Superior Singlet Oxygen Electrosynthesis via Neighboring Dual Molecular Oxygen Coactivation for Selective Tetracycline Detoxification

Oxygen (O2) electroreduction offers a green approach for singlet oxygen (1O2) synthesis in wastewater contaminants detoxification. However, traditional single O2 activation on single‐metal catalytic sites seriously suffers from the kinetically‐unfavorable desorption of adsorbed superoxide species (•O2−*/•OOH*). Here, we demonstrate a novel dual O2 coactivation pathway on shortened Fe1−OV−Ti sites for superior 1O2 electrosynthesis through a rapid disproportionate process between surface‐confined •O2−*/•OOH*. Theoretical calculations combined with in‐situ electrochemical spectroscopies demonstrated that the shortened distance between Fe single atom and adjacent unsaturated Ti atom facilitates the direct recombination of surface‐confined Fe−•OOH and Ti−•OO− to yield 1O2, bypassing the formidable •O2−*/•OOH* desorption process.
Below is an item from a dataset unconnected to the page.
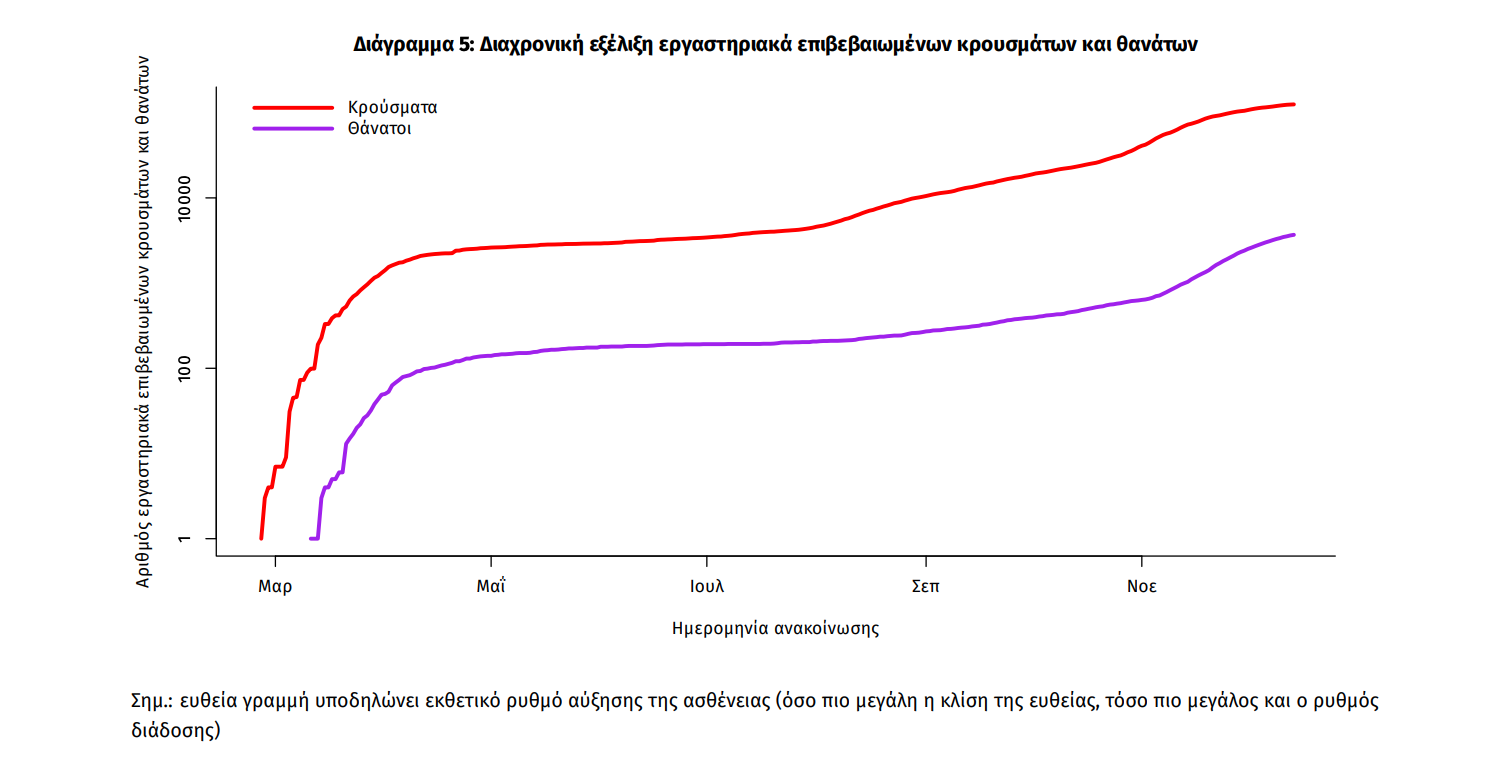 Η διαχρονική εξέλιξη των συνολικών κρουσμάτων και συνολικού αριθμού των θανάτων ασθενών COVID-19 παρουσιάζεται στο ακόλουθο διάγραμμα (σε λογαριθμική κλίμακα).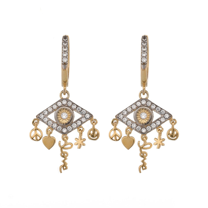 Peaceful Love Evil Eye Gold & Diamond Earrings - Gold

Impressively, Fe1−OV−Ti could realize an excellent 1O2 electrosynthesis rate of 54.5 μmol L−1 min−1 with an outstanding 1O2 selectivity of 97.6% under neutral condition, surpassing that of Fe1−O−Ti (27.1 μmol L−1 min−1, 91.7%). Using tetracycline (TC) as a model pollutant, the resulting Fe1−OV−Ti electrode achieved nearly 100% degradation in 120 min at ‐0.6 V, meanwhile preventing the generation of toxic intermediates. This study provides a new 1O2 electrosynthesis strategy by controlling the distance of adjacent catalytic sites for the coactivation of dual molecular oxygen.